De modo que he recibido con moderada alegría las buenas noticias electorales de Galicia y el País Vasco, sin soñar que ese pueda ser el comienzo del fin del otro peronismo, el zapaterista, ni pensar que un triunfo del Partido Popular en las próximas generales (probablemente adelantadas) sea nada realmente apetecible. Los exiliados de la Guerra Civil que volvieron después de 1975 esperaban algo que denominaban vagamente "el socialismo" o "la democracia". Los viajeros de ahora esperamos algo que denominamos "liberalismo" y que sabemos que no vamos a encontrar. En ese aspecto, el fiscal, absolutamente decisivo, da igual quién gobierne en España: nadie está dispuesto a rebajar seriamente la presión impositiva. Hay que ayudar a los temerarios que jugaron a la especulación, sean constructores o banqueros, y para eso hace falta un dinero que no puede salir más que de nuestros bolsillos.

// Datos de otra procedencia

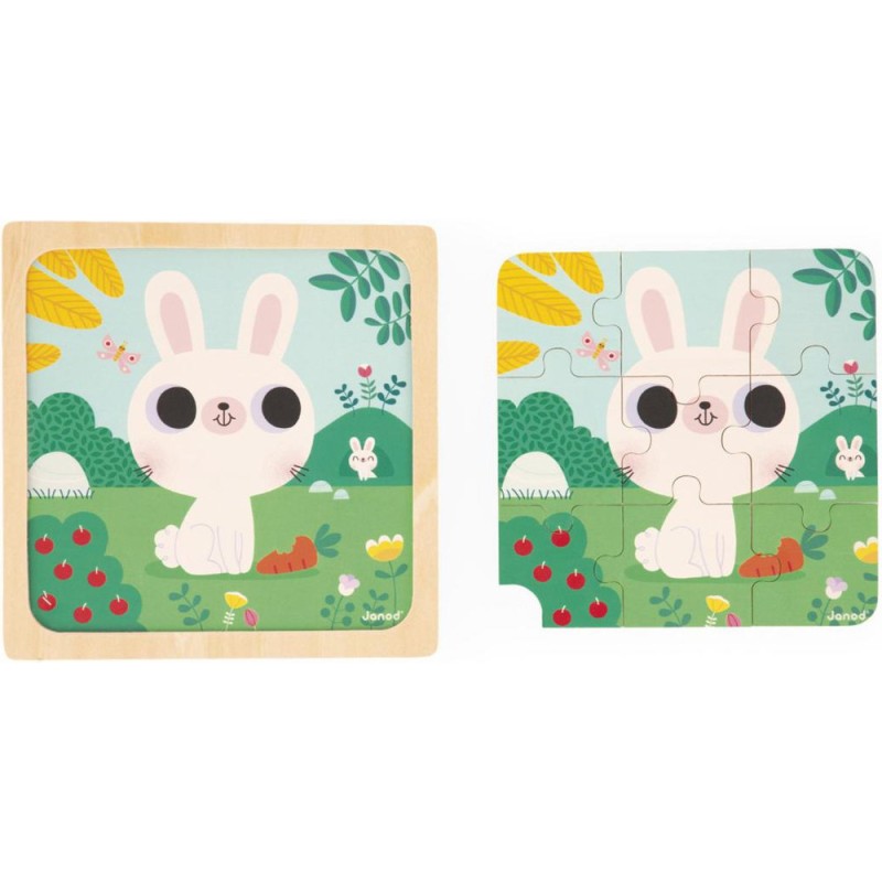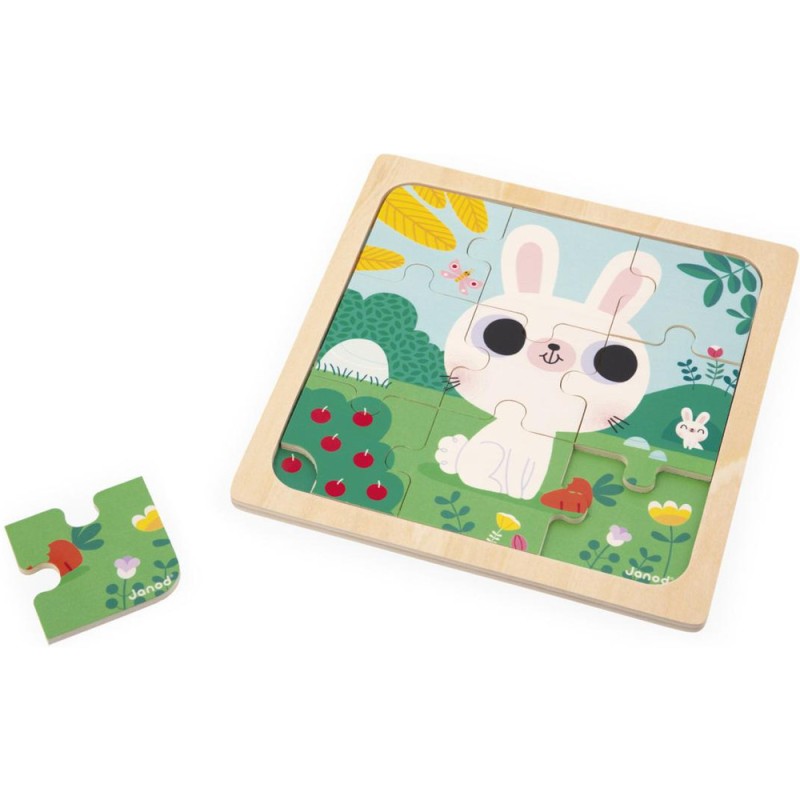 Le petit lapin blanc attend les plus petits pour une initiation amusante aux premiers puzzles ! Dès 18 mois, les puzzles en bois peuvent être proposés aux bébés, ils sont une grande source d'apprentissage et de satisfaction pour nos enfants, donc pourquoi s'en priver ! Sur ce modèle de puzzle premier âge, les enfants vont adorer la jolie scène en pleine nature avec cet adorable lapin gourmand. Il se compose de 9 pièces en bois et d’une encoche facilitant le retrait des pièces. Sous le puzzle, le modèle imprimé permettra d'aider les petits pour les premières fois. Le tout se trouve sur un support en bois, ce qui permet de ranger et de transporter facilement ce jeu d'éveil. Ce puzzle est idéal pour aider votre enfant à développer sa motricité fine, sa concentration et son autonomie. Il est fabriqué en bois Fsc.
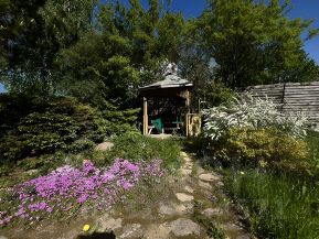 ДО Озера 120м. По тропе с высокими соснами и елями. На участке парник, плодовые деревья и кусты, красивые ели.
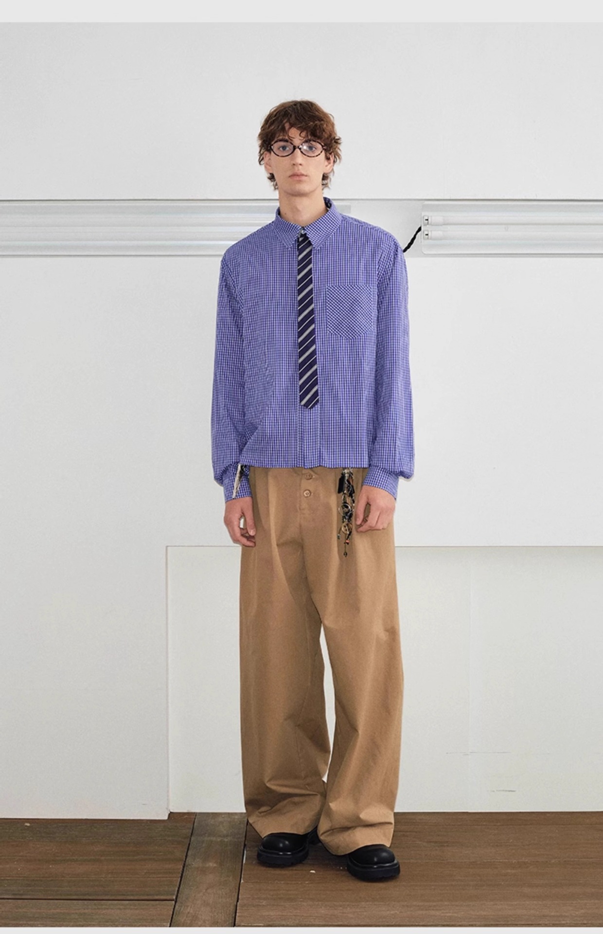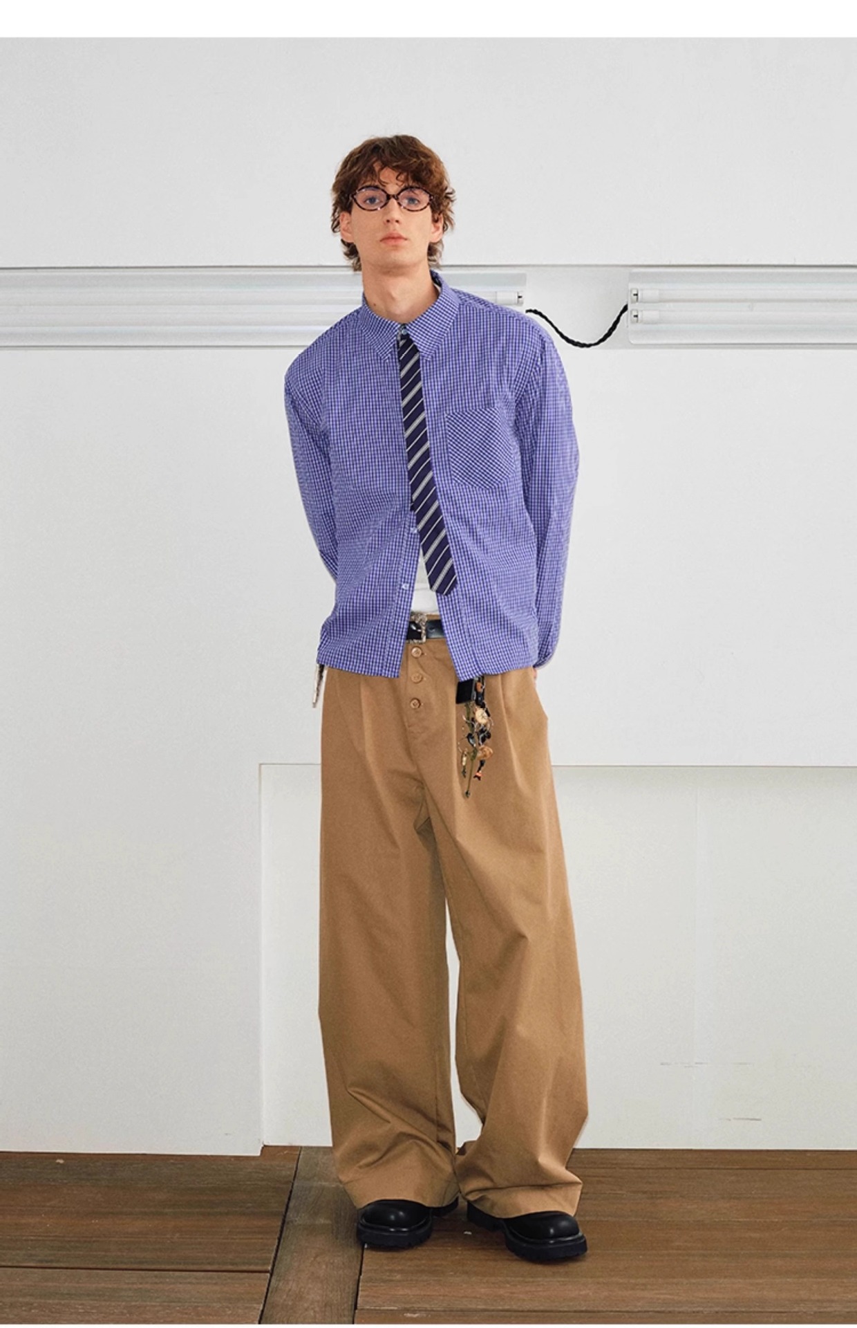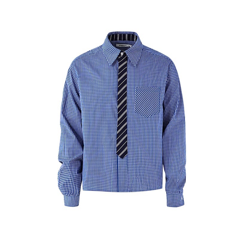 2025 년 봄과 가을 새로운 금 정리 넥타이 바느질 오래된 돈 스타일 느슨한 캐주얼 격자 무늬 긴 소매 셔츠
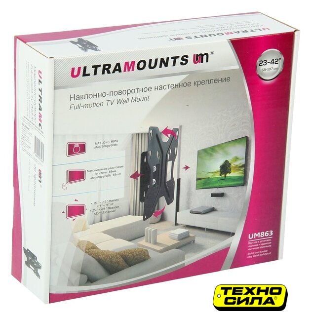 для ЖК-телевизоров, 23-56", настенный, поворотный, наклон 12°, поворот 180°, цвет черный
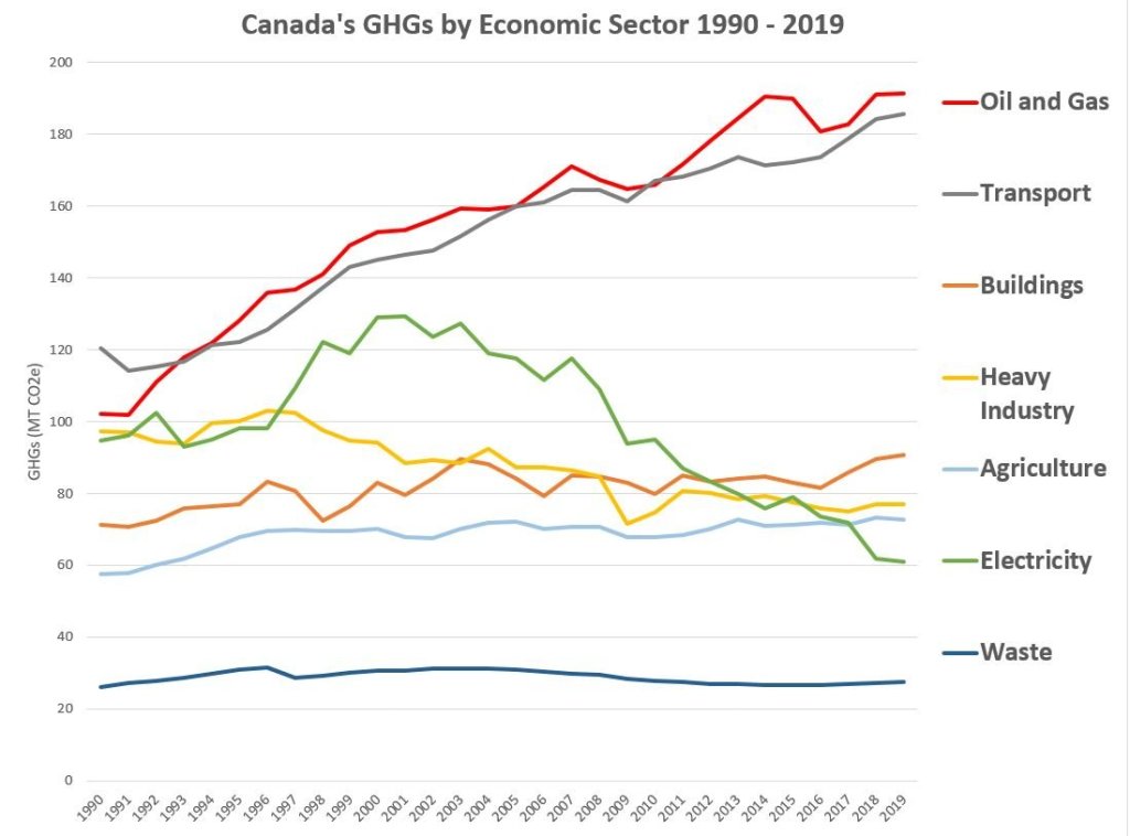 Why are Canadian emissions failing to fall? Because a major decline in our electricity sector caused by the closure of coal power plants in Ontario and Alberta has hidden a drastic increase in emissions from oil and gas (tar sands) and transportation (SUVs).

En términos de producción, la reconversión industrial que nos impuso la misma Alemania que ha hecho llegar a los 5 pesos argentinos el precio del euro, mientras el dólar escala con inenarrable lentitud, nos ha dejado cautivos y desarmados, y los tomates marroquíes cotizan mejor en el mercado comunitario que los de Buñol. O sea que no tenemos nada que vender, ni el reloj de oro del abuelo ganado tras cincuenta años de trabajo en unos altos hornos de los que ya nadie se acuerda.

A decir verdad, mi viaje es de la nada a la nada. Y se me ocurre que un triunfo de la derecha en España va a arreglar muy poco, precisamente porque no hay mucho que arreglar. España no es un país altamente industrializado; ni siquiera medianamente industrializado: nuestras esperanzas de entrar en un hipotético G-X son menores que las de Brasil, que ya anda por ahí. España es un pequeño productor de alimentos, que podría autoabastecerse pero está obligado por sus acuerdos comunitarios a comprarle a otros parte importante de lo que come. Y es posible que un buen resultado electoral de Rajoy devuelva al Ministerio de Economía la línea Rato, es decir, la línea de un ministro que ha presidido en Fondo Monetario Internacional, institución antiliberal donde las haya.

Ciertamente, en su hora y con Rato en el cargo, el gobierno Aznar rebajó impuestos y consiguió un notable crecimiento, pero eso no implica de parte de Don Rodrigo una filosofía, una idea generalizable, sino la práctica política de un proyecto de Estado que, hoy por hoy, podemos considerar caído en combate. Cambios esenciales en nuestras relaciones con el resto del mundo (UE, BCE, Reserva Federal, Moscú con el respaldo del administrador de energías Schröder) sólo se pueden hacer desde la autoridad moral (que Mariano Rajoy no posee) y desde la decisión de promover una importante reindustrialización, que nuestros socios no están dispuestos a permitir (y si no, que se lo pregunten a los polacos o a los checos, que llegaron tarde al reparto y hasta con más esperanzas que nosotros). La locomotora francoalemana (las más veces singularmente alemana) tira únicamente de su propio tren. En ocasiones, los españoles hemos viajado y dormido como los indios, en el techo de los vagones, pero jamás hemos sido ni seremos viajeros de primera ni del coche dormitorio: el sueño engaña mucho.

Vuelvo a casa la semana que viene, consciente de que la encontraré peor de lo que la dejé. Y sin mayores promesas de futuro.